Sunday, December 16, 2012

The Arrival.

Amazingly, my little baby is one week old. The last few months of pregnancy were pretty stressful. At 32 weeks, after several weeks of contractions with cervical changes (dilation with nearly complete effacement), there was serious enough concern that he wouldn't make it to 34 weeks that I received steroid injections to speed up his lung development. I literally lost count of the number of trips to L&D for monitoring. I cut back my work schedule considerably so I could work from home part time to remain compliant with partial bedrest and minimal physical activity. For weeks, I was told that he would be here any day. Each day, I kept hoping for the next milestone - my baby shower, my friends' visits, 34 weeks, 36 weeks - and finally 37 weeks. Term.

And then, at 37 weeks exactly, on a Monday, I went into active labor - 4cm dilated. We went to the hospital happy and exhilarated we had made it to term. Then, after a few hours, walking around the hospital, it proceeded to shift into prolonged early labor. (When our OB discharged us, she told us to get plenty of sleep, because we'd likely be back at 9pm that night.) Then, after nearly a week of regular contractions, stalled labor. My parents arrived *very* early Wednesday morning before Thanksgiving for the delivery (not knowing they had a 2.5 week wait ahead of them).

As the days and weeks and doctor's visits passed, our obstetrician began speaking about labor induction at the due date (December 10th). It is a really challenging mind shift to transition from doing everything to keep him in to trying your hardest to get him out. The Monday before our baby was born, I was walking around nearly 6cm dilated. I had been asked perhaps a thousand times by family, friends and coworkers if I was "feeling anything" or if "that baby" was "ever coming out".

The Friday before the due date arrived, my mom made me her much-loved broccoli casserole and a cake she had discussed making for us since their arrival. My friend Eduardo joined us for dinner, and he and Justin went to trivia while I went to bed. Fortunately. Because at 3am I began having contractions. Minor things - after all, I was having contractions pretty much every night. I went back to sleep and didn't even wake Justin up because he had only been in bed for four hours or so. 3:30, woke up again with still pretty unexciting contractions. Went back to sleep. And then - 5am. Intense contractions radiating from my back. I didn't want to wake Justin up, but he heard me with them. We managed them for a bit - with low expectations, as we had been through this routine a number of times at this point. But they continued to quickly progress. Too quickly for the usual shower. Or even to guzzle an Ensure. At 6am, we were headed to the hospital, with contractions every 2 minutes or so apart, on the phone with my OB. For the first time, the ED didn't even complete my admission, they sent me straight over to L&D.

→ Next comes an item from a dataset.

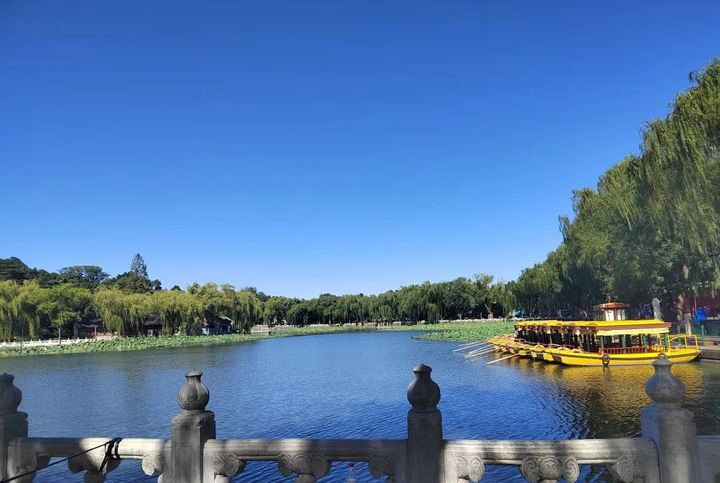 “北海可以划船——雖然荷花已殘,荷葉可還有一片清香。”這是老舍對於秋天北海的評價。在太陽當頭的正午,微涼的秋風吹過,湖面水光瀲灩,如同碎鑽隨著水波蕩漾。蕩舟湖面,手邊是水墨畫般的荷葉蓮蓬,遠處是粼粼波光,微風徐徐,別有一番秋天的風味在裡面。
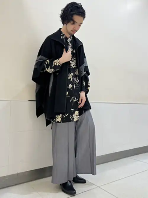 着用する向きを90度ずらすとファスナーが肩の位置になるのでファスナーを広げる事で袖代わりになり表情の変化も楽しめる1枚。

My OB checked me - 7-8cm - and broke my water. At that point, the contractions were one on top of the other. Justin stayed by my side as we went about the process of a non-medication-assisted delivery with back labor. We had an amazing L&D nurse, Laura, whom we had met during perhaps our first trip to L&D. We were even in our very first room - room 9, with a covered window across from the delivery bed. And at 8:54am on 12/8/12, with a vacuum assist during the last push, our little baby burst into the world. A little too vigorously, as I'm still recovering. But nevertheless, out. And two days before our due date. And as I was being sutured, I held my (much cleaner than anticipated after those birthing videos) newborn baby against my skin, and breastfed him for the first time.

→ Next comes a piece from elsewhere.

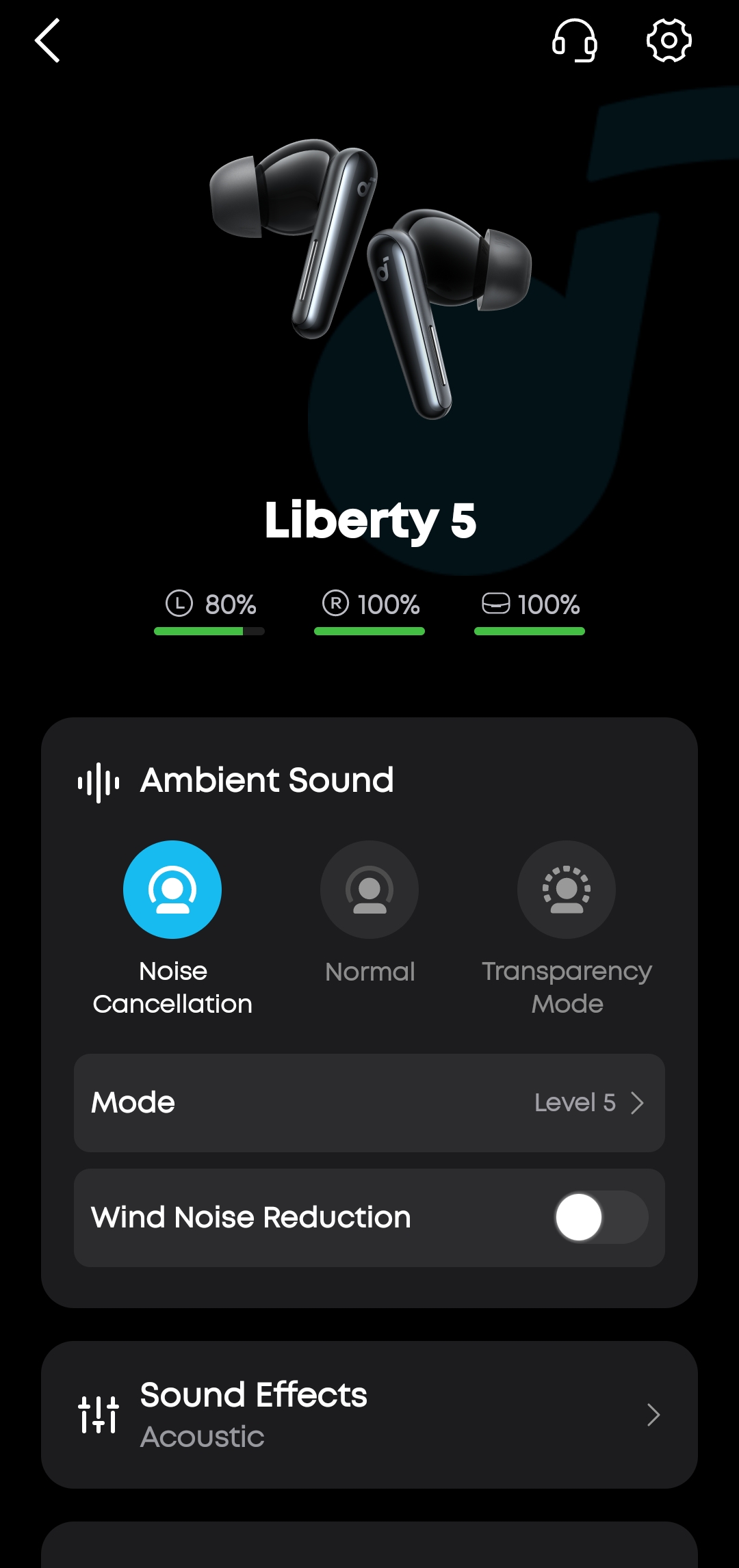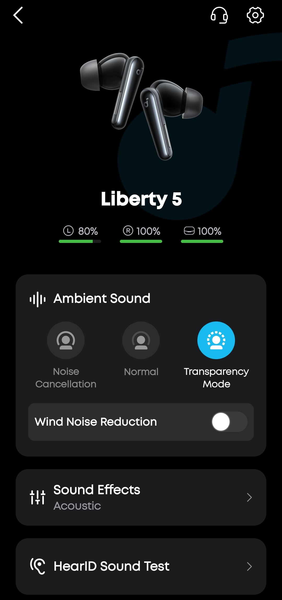 В разделе Ambient Sound переключаешься между тремя режимами: шумоподавление (Noise Cancellation), обычный (Normal) и режим прозрачности (Transparency Mode). Для ANC доступна ручная регулировка интенсивности от 1 до 5 уровня, либо автоматический транспортный режим с двумя пресетами — для самолета и автомобиля. Также есть переключатель Wind Noise Reduction для подавления шума ветра.

Parenthood has certainly been an adjustment. My husband has been amazing. Though i knew he would be a great father, I didn't know he would take to fatherhood this well. He is constantly oohing and ahhing over our child while he has been taking care of the two of us. I have been having a slower recovery than I had hoped, but I'm starting to get around a little easier and am hopefully taking a little more of the burden from my spousal figure, particularly now that my parents have returned to welcome my sister home for the holidays. One of our friends recently had a baby six weeks ago, and her insight has been invaluable with this transition. So for the time being, we are taking it day by day, hour by hour. And by doing so, I think it will get a bit easier each day.

It helps that he is the most adorable and precious child ever born. And I say this with absolutely no bias whatsoever.

1 comment:

  1. Yay, he's here! (Okay, so this story made me tear up a little. Don't tell anyone). I can't wait to see you all hopefully soon!